MONDAY, Jan. 9 (HealthDay News) -- Children who have heart surgery at high-volume hospitals may fare better than those who are treated in hospitals that perform fewer pediatric cardiac surgeries per year, but this is not due to volume alone.

New research suggests that the busier centers are more able to spot and handle complications should they occur after heart surgery.

Of more than 35,000 children who had heart surgery at 68 hospitals, nearly 4 percent of children died in the hospital, and almost 41 percent experienced at least one complication after their surgery, a new study found.

Centers that performed more than 350 surgeries a year were considered "high volume," while those that performed fewer than 150 heart surgeries in children each year were "low volume." The complication rate was similar across all centers. That said, the risk for dying after a major complication was higher at hospitals that performed fewer than 150 pediatric heart surgeries a year, when compared to those centers where more than 350 heart surgeries were performed a year, the study showed.

The new findings appear online Jan. 9 and in the February 2012 print issue of Pediatrics.

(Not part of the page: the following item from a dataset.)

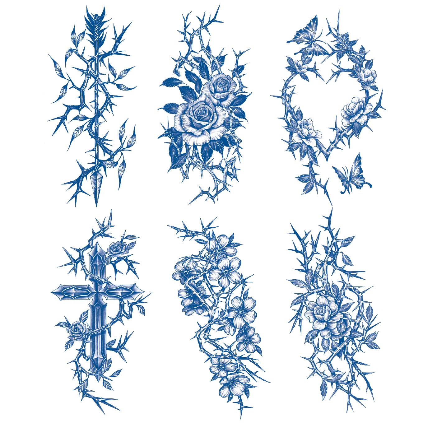 Semi Permanent Tattoos - Pack of 6, Waterproof Temporary Tattoos for Women - Fake Tattoos with Thorn, Flower, Butterfly, Cross Designs
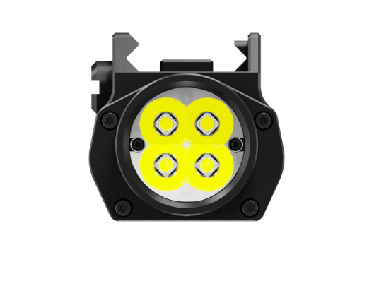 A high lumens wide angle pistol light with a simple straightforward and reliable interface. This light will switch on/off when the left or right button is tapped and also provides momentary on when the button is held. This can be done with support hand thumb or trigger finger for one handed operations.

"Higher mortality observed at lower-volume centers appears to be relate to a higher rate of death in those who suffer a postoperative complication, rather than a higher rate of complications alone," said study author Dr. Sara Pasquali, director of pediatric cardiovascular outcomes at Duke University Medical Center in Durham, N.C. "This suggests that initiatives aimed at improving patients outcomes may need to focus not only on reducing complications themselves, but on better recognition and management of complications once they occur."

Parents of a child in need of heart surgery may feel both scared and overwhelmed by the entire prospect and process.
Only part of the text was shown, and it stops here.